[Dataset records]
= Beginning of Section =

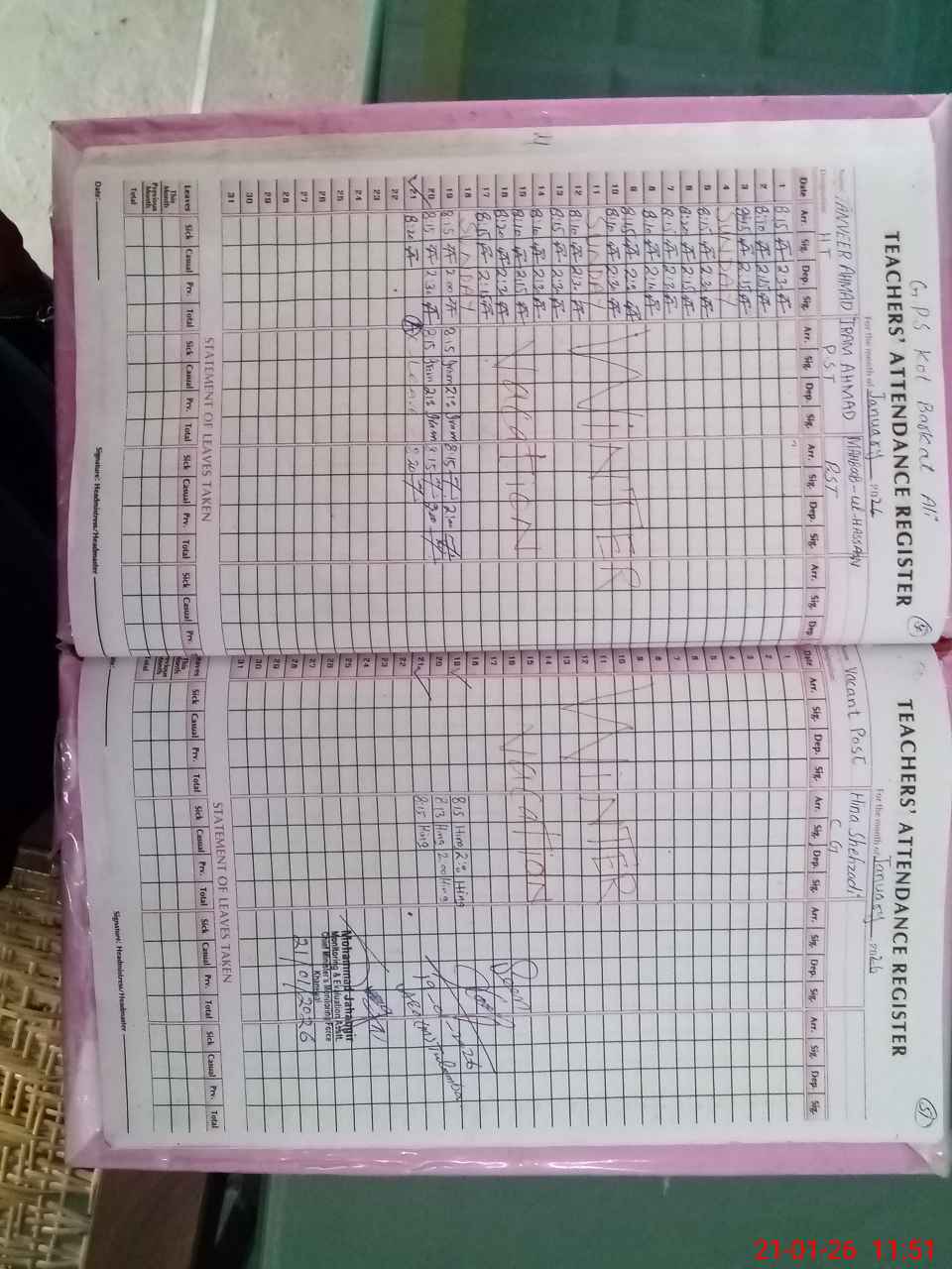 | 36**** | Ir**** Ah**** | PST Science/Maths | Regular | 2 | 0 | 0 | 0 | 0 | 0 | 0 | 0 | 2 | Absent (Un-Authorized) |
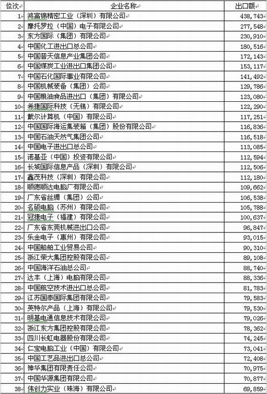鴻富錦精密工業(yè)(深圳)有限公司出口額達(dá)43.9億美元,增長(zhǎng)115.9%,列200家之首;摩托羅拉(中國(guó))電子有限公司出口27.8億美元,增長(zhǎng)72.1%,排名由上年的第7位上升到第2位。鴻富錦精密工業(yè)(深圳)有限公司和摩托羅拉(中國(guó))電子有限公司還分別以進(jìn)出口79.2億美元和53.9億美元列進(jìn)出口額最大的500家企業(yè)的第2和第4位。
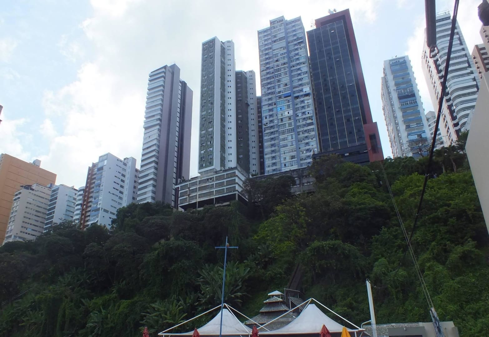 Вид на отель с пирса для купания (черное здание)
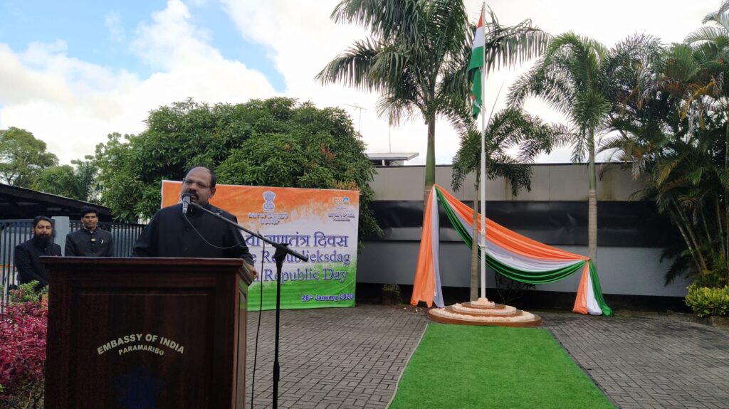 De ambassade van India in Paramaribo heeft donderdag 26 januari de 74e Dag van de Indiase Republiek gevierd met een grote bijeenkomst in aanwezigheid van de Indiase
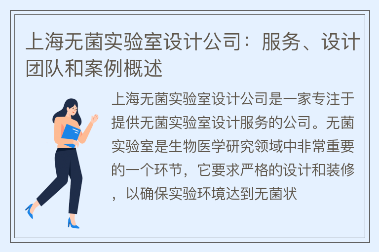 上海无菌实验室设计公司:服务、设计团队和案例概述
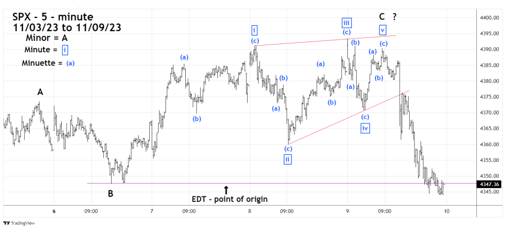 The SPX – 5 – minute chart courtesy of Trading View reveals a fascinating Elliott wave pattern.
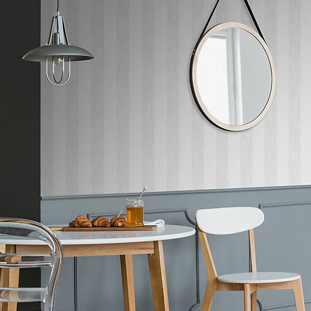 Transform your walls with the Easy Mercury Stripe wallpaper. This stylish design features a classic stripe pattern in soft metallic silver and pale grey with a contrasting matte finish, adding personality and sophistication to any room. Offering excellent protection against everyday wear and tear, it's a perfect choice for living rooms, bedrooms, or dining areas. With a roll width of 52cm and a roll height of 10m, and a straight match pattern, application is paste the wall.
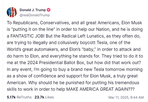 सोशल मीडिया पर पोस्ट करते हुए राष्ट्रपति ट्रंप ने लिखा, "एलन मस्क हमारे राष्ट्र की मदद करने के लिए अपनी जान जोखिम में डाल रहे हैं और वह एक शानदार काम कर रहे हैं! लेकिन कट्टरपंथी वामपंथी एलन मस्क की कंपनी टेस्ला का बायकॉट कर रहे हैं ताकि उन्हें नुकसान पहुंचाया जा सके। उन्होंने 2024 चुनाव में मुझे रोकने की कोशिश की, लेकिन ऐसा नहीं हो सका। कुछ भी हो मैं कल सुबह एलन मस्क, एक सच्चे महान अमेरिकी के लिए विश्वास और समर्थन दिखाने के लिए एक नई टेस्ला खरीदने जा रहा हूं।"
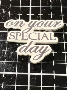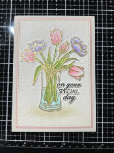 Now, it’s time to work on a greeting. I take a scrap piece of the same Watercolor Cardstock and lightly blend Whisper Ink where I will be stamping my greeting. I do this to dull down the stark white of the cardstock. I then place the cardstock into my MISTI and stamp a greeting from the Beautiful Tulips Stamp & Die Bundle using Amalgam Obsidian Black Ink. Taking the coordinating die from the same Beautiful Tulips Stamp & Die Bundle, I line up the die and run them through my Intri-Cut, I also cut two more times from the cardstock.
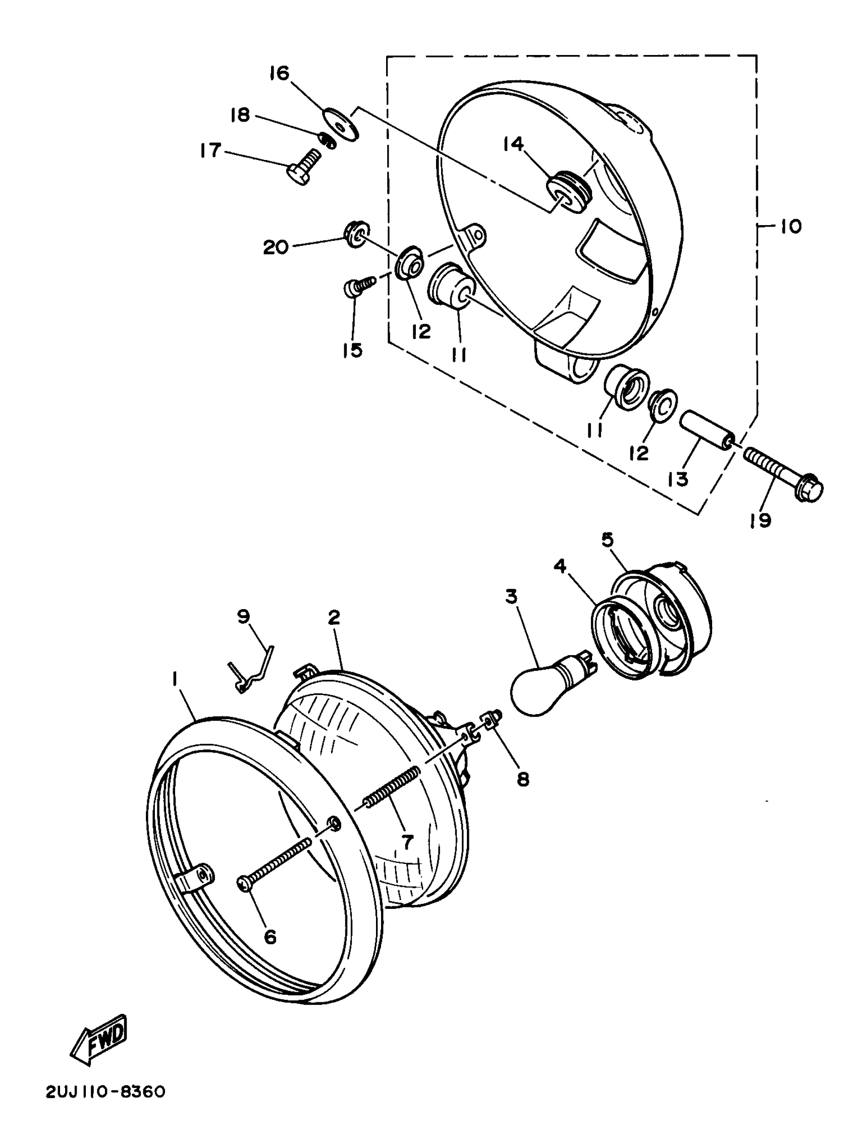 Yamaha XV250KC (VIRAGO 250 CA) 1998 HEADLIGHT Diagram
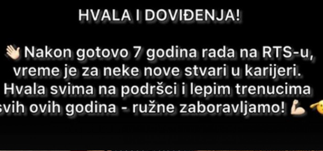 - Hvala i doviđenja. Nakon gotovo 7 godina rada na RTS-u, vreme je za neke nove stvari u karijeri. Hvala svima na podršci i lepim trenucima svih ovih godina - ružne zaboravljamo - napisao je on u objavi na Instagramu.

= End of Section =

=== Exercise requirements ===
Each line above is to be copied exactly, and the pictures are to be dropped.

=== Response to this task ===
 | 36**** | Ir**** Ah**** | PST Science/Maths | Regular | 2 | 0 | 0 | 0 | 0 | 0 | 0 | 0 | 2 | Absent (Un-Authorized) |
鴻富錦精密工業(yè)(深圳)有限公司出口額達(dá)43.9億美元,增長(zhǎng)115.9%,列200家之首;摩托羅拉(中國(guó))電子有限公司出口27.8億美元,增長(zhǎng)72.1%,排名由上年的第7位上升到第2位。鴻富錦精密工業(yè)(深圳)有限公司和摩托羅拉(中國(guó))電子有限公司還分別以進(jìn)出口79.2億美元和53.9億美元列進(jìn)出口額最大的500家企業(yè)的第2和第4位。
 Вид на отель с пирса для купания (черное здание)
 De ambassade van India in Paramaribo heeft donderdag 26 januari de 74e Dag van de Indiase Republiek gevierd met een grote bijeenkomst in aanwezigheid van de Indiase
 上海无菌实验室设计公司:服务、设计团队和案例概述
 The SPX – 5 – minute chart courtesy of Trading View reveals a fascinating Elliott wave pattern.
 Transform your walls with the Easy Mercury Stripe wallpaper. This stylish design features a classic stripe pattern in soft metallic silver and pale grey with a contrasting matte finish, adding personality and sophistication to any room. Offering excellent protection against everyday wear and tear, it's a perfect choice for living rooms, bedrooms, or dining areas. With a roll width of 52cm and a roll height of 10m, and a straight match pattern, application is paste the wall.
 सोशल मीडिया पर पोस्ट करते हुए राष्ट्रपति ट्रंप ने लिखा, "एलन मस्क हमारे राष्ट्र की मदद करने के लिए अपनी जान जोखिम में डाल रहे हैं और वह एक शानदार काम कर रहे हैं! लेकिन कट्टरपंथी वामपंथी एलन मस्क की कंपनी टेस्ला का बायकॉट कर रहे हैं ताकि उन्हें नुकसान पहुंचाया जा सके। उन्होंने 2024 चुनाव में मुझे रोकने की कोशिश की, लेकिन ऐसा नहीं हो सका। कुछ भी हो मैं कल सुबह एलन मस्क, एक सच्चे महान अमेरिकी के लिए विश्वास और समर्थन दिखाने के लिए एक नई टेस्ला खरीदने जा रहा हूं।"
 Now, it’s time to work on a greeting. I take a scrap piece of the same Watercolor Cardstock and lightly blend Whisper Ink where I will be stamping my greeting. I do this to dull down the stark white of the cardstock. I then place the cardstock into my MISTI and stamp a greeting from the Beautiful Tulips Stamp & Die Bundle using Amalgam Obsidian Black Ink. Taking the coordinating die from the same Beautiful Tulips Stamp & Die Bundle, I line up the die and run them through my Intri-Cut, I also cut two more times from the cardstock.
 Yamaha XV250KC (VIRAGO 250 CA) 1998 HEADLIGHT Diagram
 - Hvala i doviđenja. Nakon gotovo 7 godina rada na RTS-u, vreme je za neke nove stvari u karijeri. Hvala svima na podršci i lepim trenucima svih ovih godina - ružne zaboravljamo - napisao je on u objavi na Instagramu.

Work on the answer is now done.